Chaque génération, et c’est tout à fait normal, ne poursuit pas les mêmes desseins, et envisage la Vie d’une façon différente. Ma génération, celle des enfants des années 1990-2000, vit une crise identitaire.

Si je devais choisir un livre pour nous décrire, je choisirais « Fight Club », de Chuck Palahniuk. Pourquoi ce choix ? En grande partie à cause de citations telles que celles-ci : « Je vois ici les hommes les plus forts et les plus intelligents que j’ai jamais vu; je vois tout ce potentiel; et je le vois gâché. Je vois une génération entière qui travaille à des pompes à essence, qui fait le service dans des restos, ou qui est esclave d’un petit chef dans un bureau. La pub nous fait courir après des voitures et des fringues, on fait des boulots qu’on déteste pour se payer des merdes qui nous servent à rien. On est les enfants oubliés de l’Histoire mes amis, on n’a pas de but ni de vraie place, on n’a pas de Grande Guerre, pas de Grande Dépression. Notre grande guerre est spirituelle, notre grande dépression : c’est nos vies. La télévision nous a appris à croire qu’un jour on serait tous des millionnaires, des dieux du cinéma ou des rockstars, mais c’est faux, et nous apprenons lentement cette vérité. Et on en a vraiment, vraiment, plein le cul. »

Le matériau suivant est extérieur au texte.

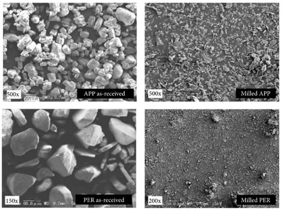 SEM micrographs of APP and PER additives before and after milling. Reproduced from ref. [64] with permission from John Wiley and Sons.

L’anti-héros de ce livre, accompagné d’un ami nommé Tyler Durden, fortuitement rencontré après l’explosion de son appartement, entame une sorte de quête spirituelle pour se trouver lui-même en cherchant à « toucher le fond ». Tyler lui ayant appris que « les choses que l’on possède finissent par nous posséder », il faut donc couper court avec un mode de vie consumériste, détruire son confort, peu à peu, car ce n’est qu’en recherchant la déchéance que l’on devient réellement libre. Sans raconter l’ouvrage entier, l’auteur a su décrire avec brio ce qui nous préoccupe, ce qui nous fait souffrir, ce qui nous empêche de trouver notre place, à nous les enfants des années 1990-2000. Et aussi une partie de ce qui pourrait se constituer comme nos valeurs existentielles. Beaucoup d’entre nous se posent la question du Sens de notre mode de vie, et ressentent un large sentiment d’absurdité lié à notre système néolibéraliste, allant jusqu’à un violent sentiment de rejet pour certains.

Ma génération vit donc une crise identitaire. À qui la faute ? Les coupables peuvent être multiples : surprotection de nos parents ? Le système scolaire, qui ne nous apprend ni à penser par nous-mêmes ni à réfléchir efficacement au sens que nous voulons donner à nos vies ? La crise, dont on entend parler partout, tout le temps depuis les années 1980 ? Le gouvernement, dont les émissaires ont perdu toute crédibilité auprès de nous, au point que notre génération prône le vote blanc comme la solution à tout ? Peu importe, finalement. Les conséquences sont là.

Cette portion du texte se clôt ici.